Some 50 years ago, members of Congress were forceful and united regarding a desire to clean up and protect the United States’ waterways. Such unity is needed again from a legislative body that too often these days succumbs to division and directionless meandering. Lawmakers must defend and bolster the Clean Water Act, which is being gutted by the Supreme Court.

The law was enacted in 1972, during an era when the nation was finally coming to grips with the environmental degradation wrought by unfettered industrialization. The Clean Air Act was passed in 1963; the National Environmental Policy Act was approved in 1969; and the Environmental Protection Agency was established in 1970.

Events such as a smog disaster that covered New York City and a river that caught fire in Cleveland had starkly demonstrated how industrialization had befouled our environment.

Locally, TV reporter Tom McCall — who later became governor of Oregon and brought national attention to the state’s groundbreaking environmental policies — aired a documentary about the Willamette River called “Pollution in Paradise.” It detailed industrial waste being poured into the water that “churns at river’s bottom, forming into rafts that rise to the surface in sluggish, foul-smelling masses of filth.”

Congress approved the Clean Water Act in 1972. The final bill passed the Senate in a 74-0 vote and the House in a 366-11 vote. President Richard Nixon vetoed the legislation, but Congress overrode that veto with overwhelming majorities in both chambers.

The reason was clear, as articulated by Sen. Howard Baker, R-Tenn.: “As I have talked with thousands of Tennesseans, I have found that the kind of natural environment we bequeath to our children and grandchildren is of paramount importance. If we cannot swim in our lakes and rivers, if we cannot breathe the air God has given us, what other comforts can life offer us?”

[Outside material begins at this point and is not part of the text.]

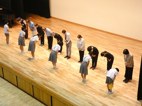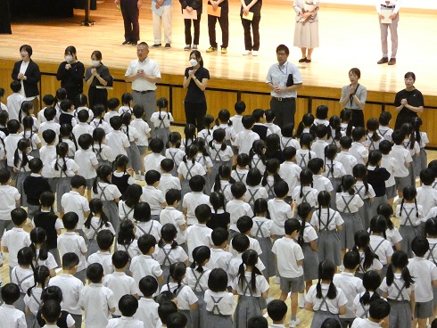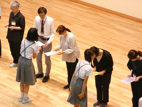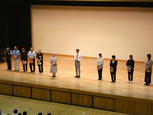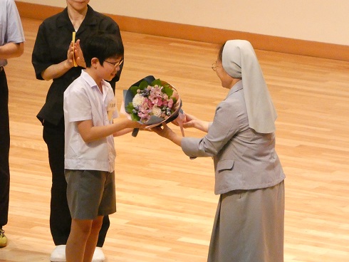 この日は、感謝の一日でした。朝礼後の時間には、事務職員、警備員、清掃やお昼のお茶を用意してくださる方々など、縁の下の力持ちの皆さんに、子ども達からの感謝の言葉や花束、歌がプレゼントされました。そして、一緒にお祈りを捧げました。和やかなひとときでした。
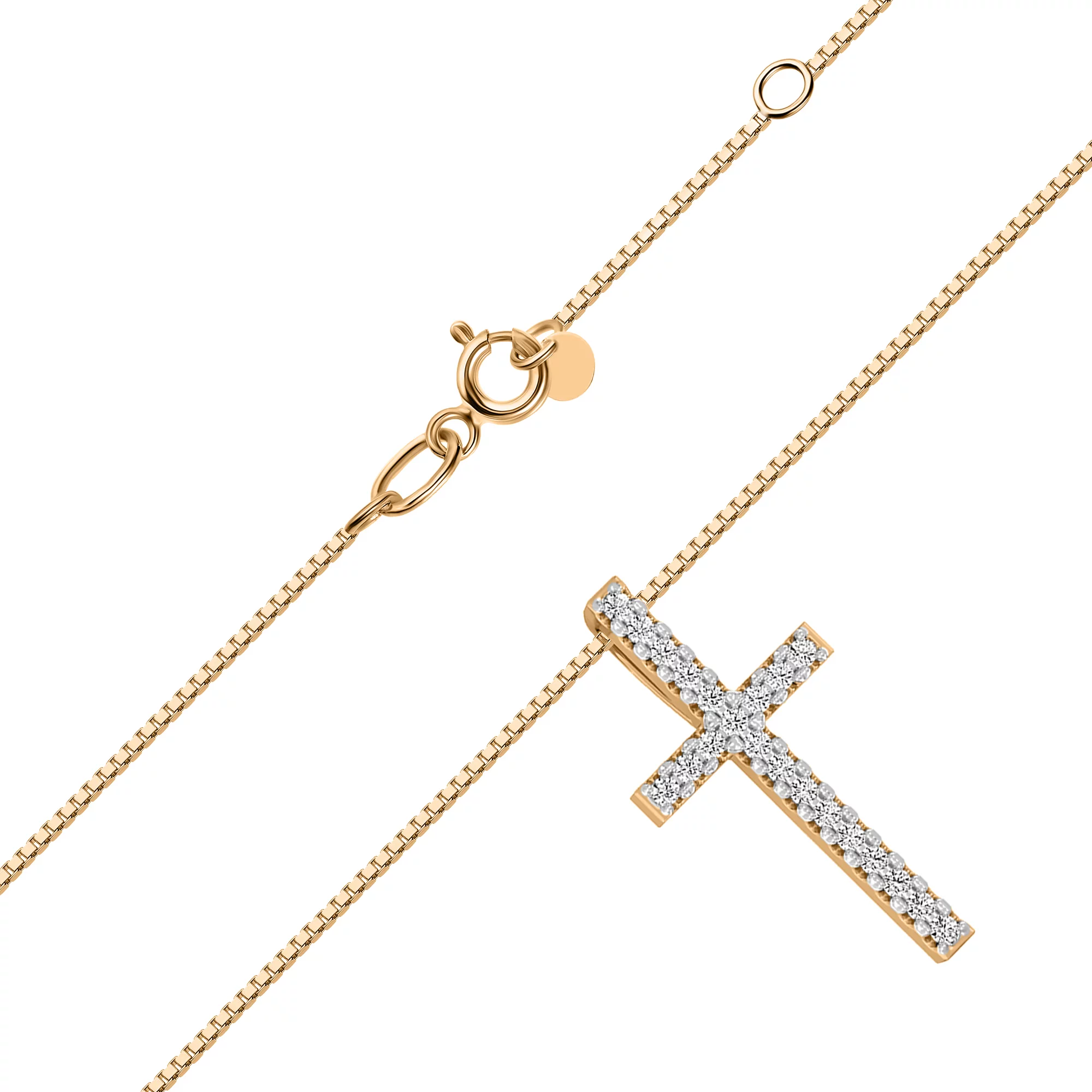 Цепочка в белом золоте с крестиком и бриллиантами плетение венецианское - 1728231

The Clean Water Act is clear about the scope of those comforts, expressly applying it to all “waters of the United States.” In a unanimous 1985 Supreme Court decision, Justice Byron White wrote: “It may appear unreasonable to classify ‘lands’ wet or otherwise as ‘waters,’ ” but “such a simplistic response … does justice neither to the problem faced by the (government) nor to the realities of the problem of water pollution that the Clean Water Act was intended to combat.”

But a new Supreme Court is actively undermining those combat efforts. By a 5-4 majority in Sackett v. Environmental Protection Agency, the court last week rolled back protections for wetlands and determined that the EPA’s definition was too broad. Under the court’s view, dumping pollution requires a permit only for waters that are “relatively permanent, standing or continuously flowing bodies of water … ‘streams … oceans, rivers, and lakes.’”

The problem with that reasoning is obvious. Pollution dumped into a wetland does not remain there; it is not static. Pollution affects wildlife habitat and finds its way into larger bodies of water, crossing county lines and state lines and reaching people who are far from the emitter. In a dissenting opinion, Justice Elena Kagan wrote that the ruling, “prevents the EPA from keeping our country’s waters clean by regulating adjacent wetlands.”

Members of Congress must respond with the resolve demonstrated by their predecessors. They must pass legislation to keep pollution out of our nation’s waterways, lest the Supreme Court return us to an era of environmental degradation.